A new paper from researchers Philippe Laban, Tobias Schnabel, and Jennifer Neville lands a punch that anyone building document automation pipelines needs to read: even the best models available today quietly destroy roughly a quarter of your document content by the time a long workflow finishes. Not sometimes. On average.
The paper, submitted April 17, 2026, introduces the DELEGATE-52 benchmark and tests 19 LLMs across 52 professional domains. The results are a problem for anyone who has started treating LLMs as reliable autonomous editors.
What "Delegation" Actually Means
Delegation, in this context, means handing a model a document and a sequence of tasks, then walking away. Think vibe coding where you ask an LLM to iteratively refactor a codebase. Or a data pipeline where a model cleans and reformats files across multiple steps. Or a writing assistant that edits a report through several rounds of feedback.
The implicit contract in all of these is trust: you expect the model to do what you asked without silently breaking what you didn't ask it to touch. That contract, according to this research, is not being honored.
"Delegation requires trust — the expectation that the LLM will faithfully execute the task without introducing errors into documents."
The DELEGATE-52 Benchmark
DELEGATE-52 is purpose-built to stress-test this exact problem. It simulates long, multi-step document editing workflows across 52 professional domains, each with domain-specific document formats and constraints. The domains range from coding and crystallography to music notation, so this isn't just testing prose editing. It's testing whether models can handle structured, high-stakes documents where a single corrupted field matters.
The benchmark ran all 19 tested models through iterative editing tasks and tracked how document quality degraded across the interaction sequence. It also tested tool-augmented agents, the kind of setup often pitched as more reliable than vanilla prompting.
What the Results Show
The headline number: frontier models (Gemini 3.1 Pro, Claude 4.6 Opus, GPT 5.4) corrupt an average of 25% of document content by the end of long workflows. Non-frontier models do worse. There's a clear performance gap between tiers, but the gap doesn't matter much in practice because even the best-in-class models are failing at a rate that would be unacceptable in any real production system.
A few other findings worth paying attention to:
- Agentic tool use offers no improvement. If you were planning to solve this with a more elaborate agent setup, the data says don't count on it.
- Larger documents make things worse. Longer interaction sequences make things worse. The presence of distractor files in the workflow also exacerbates degradation.
- The errors are sparse but severe, and they accumulate silently. You won't necessarily see them happening.
"Current LLMs are unreliable delegates: they introduce sparse but severe errors that silently corrupt documents, compounding over long interaction."
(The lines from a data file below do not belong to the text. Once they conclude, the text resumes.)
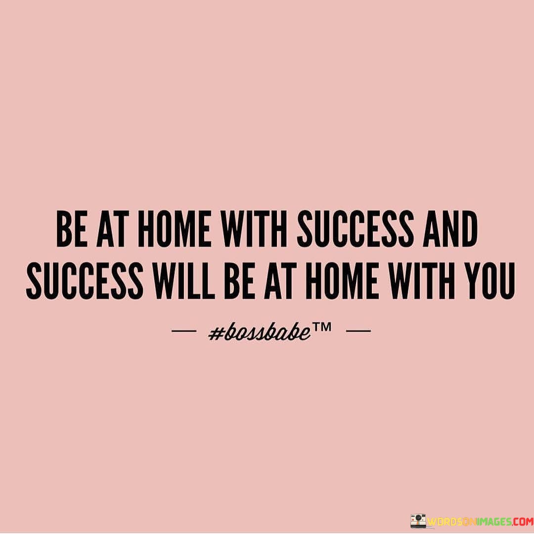 The statement underscores the concept of alignment. It implies that being comfortable with the idea of success attracts it into one's life. This sentiment encourages individuals to foster a positive and receptive mindset.
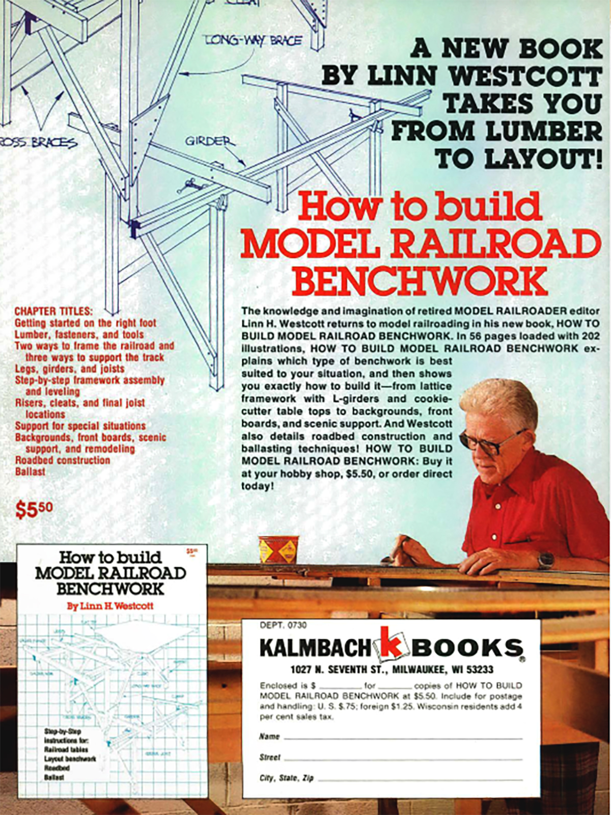 Many of former MR editor Linn Westcott’s concepts and techniques for building model railroad benchwork, as shown in this advertisement for his book, are still in use today.
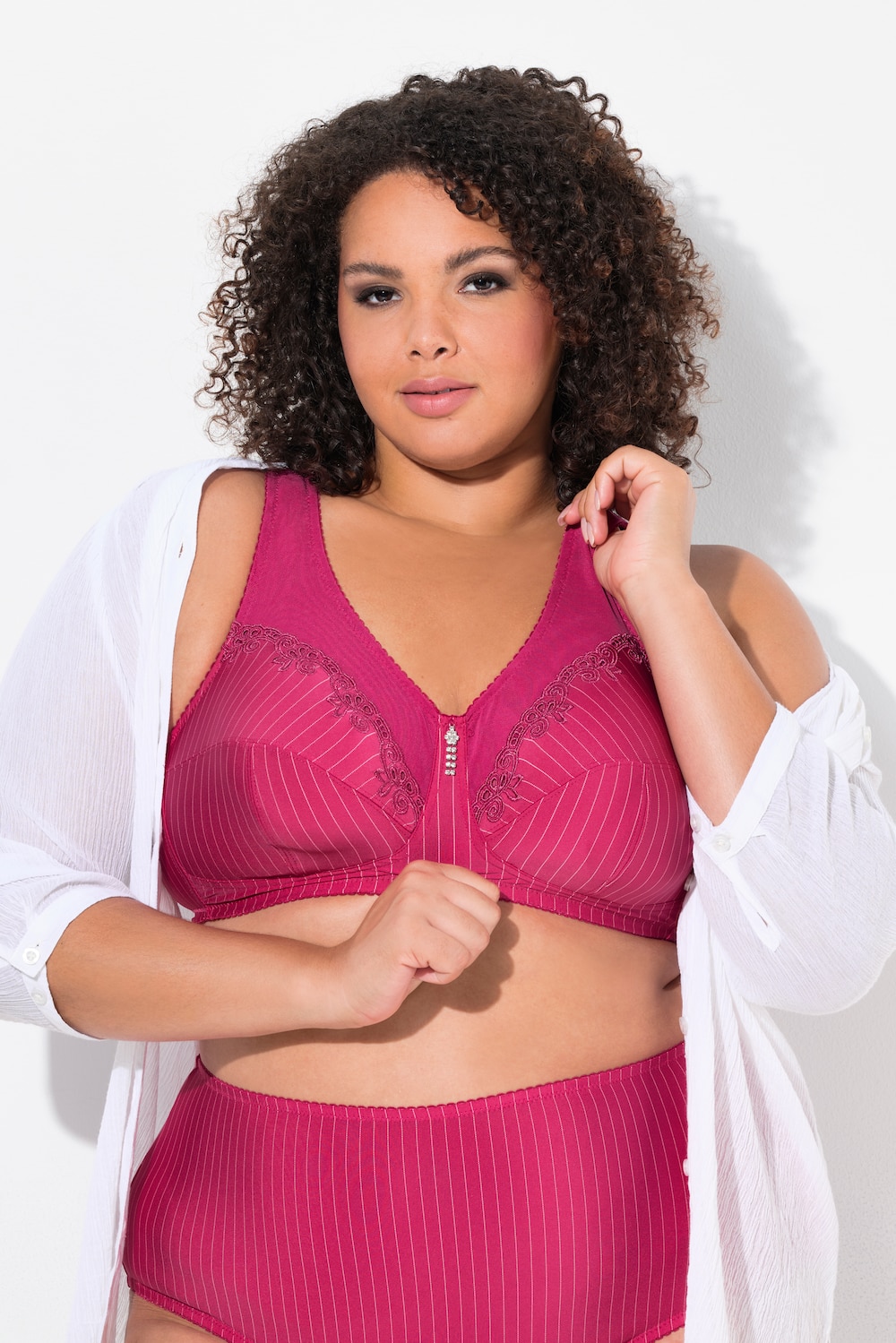 Deze comfortbeha met klassiek krijtstreepdessin geeft veilige steun voor grote maten en is daardoor een betrouwbare partner. De extra brede, gepolsterde, in lengte verstelbare bandjes en het hogere rugdeel voorkomen het snijden in de huid. Daardoor zit de beha aangenaam en beschermt zo de rug en schouders. De band onder de buste, de ingewerkte inzetten van netstof opzij en onder de bandjes zorgen voor goede steun en passen zich optimaal aan het lichaam aan. Een extra sikkelvormige inzet in de cup ondersteunt en pusht licht de buste.
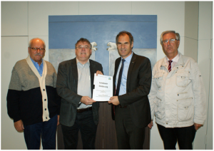v.l.: MIchael Linder, ISE e.V.-Experte; Wolfgang Thiel; Dietmar Seefeldt, Landrat SÜW; Prof. Karl Keilen, ISE e.V.-Experte

Why Silent Corruption Is the Real Problem
The "silently" part is what makes this dangerous in practice. If a model returned an error or flagged uncertainty, you could build a review step. But corruption that looks like valid output is much harder to catch, especially across a long pipeline with many steps. By the time you notice something is wrong, you may be several transformations removed from where the damage started.
The paper notes that degradation gets worse as document size grows, as the number of interactions increases, and as the context gets cluttered with distractor files. These are all normal conditions in real workflows, not edge cases. A long coding session, a multi-chapter document, a folder of related files: all of these push you toward higher corruption rates.
What This Means for Developers
If you're using LLMs for short, single-step document tasks with human review before anything goes anywhere, you're probably fine. The risk profile here is specifically about long, iterative, delegated workflows where the model is operating autonomously across many steps.
A few practical takeaways:
- Don't trust LLMs as autonomous editors on high-stakes documents without checkpoints. Build in human review or automated validation at each major step, not just at the end.
- Distractor files in context are a real risk factor. Keep the model's working context as clean and focused as possible.
- Tool-augmented agents are not a workaround for this problem, at least not based on current evidence. Adding tools doesn't improve delegation reliability.
- Shorter, more targeted interactions are safer than long, multi-step sessions. If you can break a workflow into smaller discrete tasks with validation between them, do it.
The 52-domain scope of DELEGATE-52 also matters: this isn't a narrow finding about one document type. Crystallography files and music notation are very different from Python code, but all showed the same fundamental degradation pattern. That suggests the problem is in how models handle iterative editing generally, not in something specific to one format.
Bottom Line
Frontier LLMs are not ready for unsupervised, long-horizon document editing in production. A 25% corruption rate across the best available models is not a rounding error; it's a fundamental reliability gap. If your architecture depends on delegating multi-step document work to a model and trusting the output, this research is a strong signal to add validation layers before that ship sails. Watch DELEGATE-52 as a benchmark worth tracking as new models release.